ACCESS Systems Americas, Inc.
- Formerly: PalmSource
- Company type: Subsidiary
- Industry: Computer hardware and Software
- Headquarters: United States
- Products: Information technology solutions Software
- Parent: Palm, Inc. (2002–2003); Access Co. (2005–present);

= Access Systems Americas =

PalmSource's logo

ACCESS Systems Americas, Inc. (formerly PalmSource) is a subsidiary of ACCESS which develops the Palm OS PDA operating system and its successor, the Access Linux Platform, as well as BeOS. PalmSource was spun off from Palm Computing, Inc.

Palm OS runs on 38 million devices that have been sold since 1996 from hardware manufacturers including Palm, Inc., Samsung, IBM, Aceeca, AlphaSmart, Fossil, Inc., Garmin, Group Sense PDA (Xplore), Kyocera, PiTech, Sony, and Symbol. PalmSource also develops several programs for the Palm OS, and as of December 2005, PalmGear claims to offer 28,769 software titles of varying genres. Palm OS software programs can also be downloaded from CNET, PalmSource, Handango, and Tucows.

PalmSource also owns BeOS, which it purchased from Be Inc. in August 2001.

== History ==
In January 2002, Palm, Inc. set up a wholly owned subsidiary to develop and license Palm OS, which was named PalmSource in February. In October 2003, PalmSource was spun off from Palm as an independent company, and Palm renamed itself palmOne. palmOne and PalmSource set up a holding company that owned the Palm trademark.

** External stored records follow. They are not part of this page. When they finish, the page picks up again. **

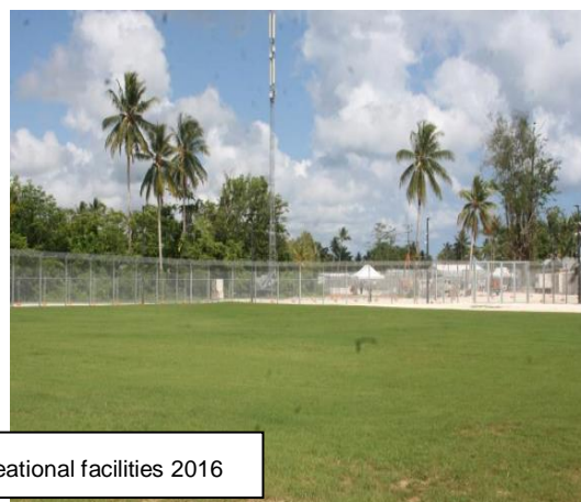
Photo: Manus RPC recreational facilities 2016
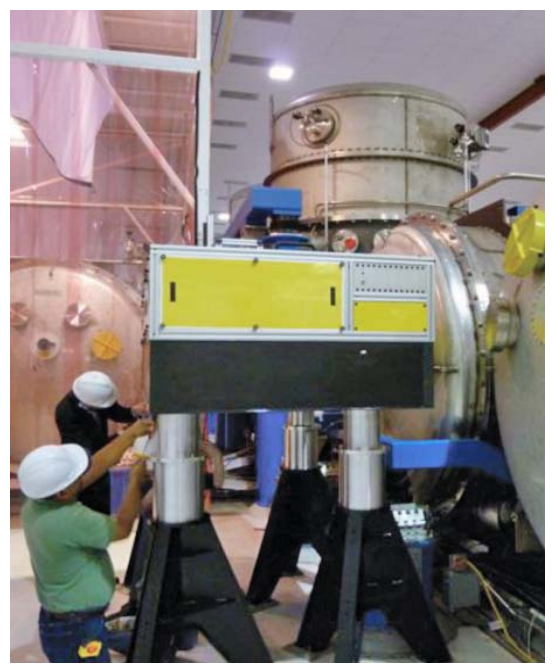
Installation of a quantum-mechanical squeezing experiment at LIGO in 2011. The temporary experiment allowed LIGO to increase its sensitivity by more than 20 percent over most of its frequency range. Such research is conducted by LIGO Laboratory and the LIGO Scientific Collaboration to reduce risk in the Advanced LIGO construction project.

For more information on AdvLIGO, see the MREFC chapter.
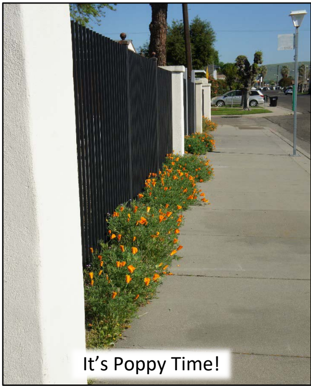
It's Poppy Time!
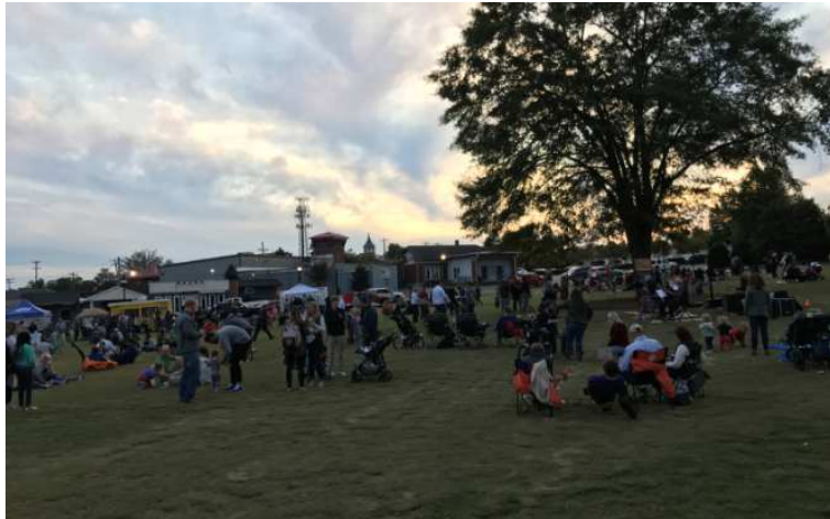
The final Food Truck Rollout of the year was held on October 18 in City Park.

"Creating Community through People, Parks and Programs"
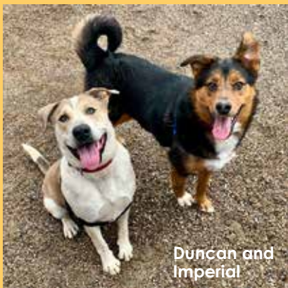
Duncan and Imperial

dog, lounging behind team members while they answered Behavior Helpline or Safety Net calls.
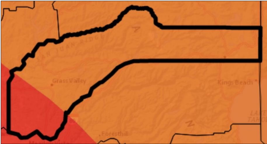
Drought Stages on 2022-07-19
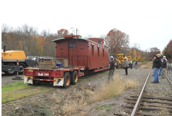
This photo shows the truck being directed backwards so the caboose can be off-loaded and put on its own trucks. A complete story in a special issue is planned. So stay tuned.

Connecticut Eastern Chapter, NRHS, Inc. Connecticut Eastern Railroad Museum PO Box 665 Willimantic, CT 06226
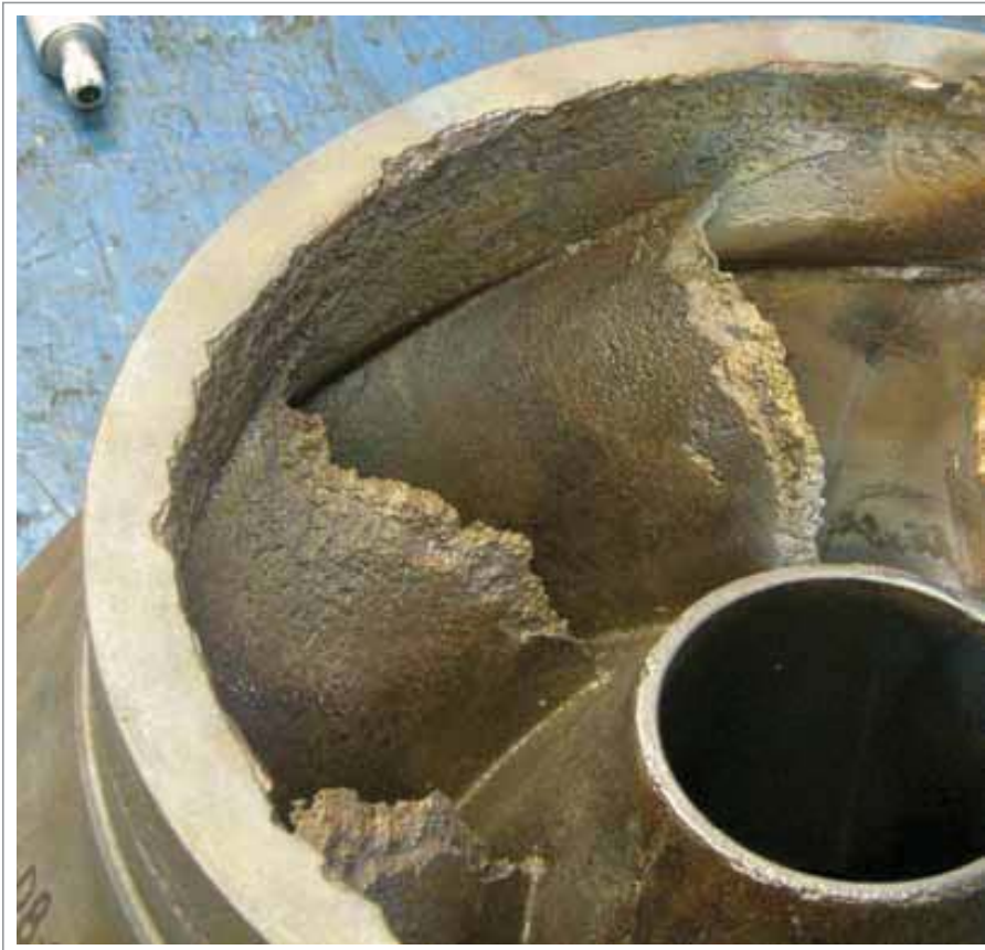
FIGURE 1 – Cavitation damage on a bronze impeller

Figure 2 shows a set of vibration plots for a large variable speed sewage pump installed at the City of Brockville, Pump Tag P2.

In January 2004, PalmSource announced the successor to classic Palm OS called Palm OS Cobalt. However, it failed to gain support from hardware licensees. That December, PalmSource acquired China MobileSoft, a software company with a mobile Linux offering. As a result, PalmSource announced that they would extend Palm OS to run on top of the Linux architecture.

In May 2005, palmOne purchased PalmSource's share of the Palm trademark for US$30 million and two months later renamed itself Palm, Inc. As part of the agreement, palmOne granted certain rights to Palm trademarks to PalmSource and licensees for a four-year transition period. Later that year, ACCESS, which specializes in mobile and embedded web browser technologies, including NetFront, acquired PalmSource for US$324 million. In October 2006, PalmSource announced that it would rename itself to ACCESS, to match its parent company's name.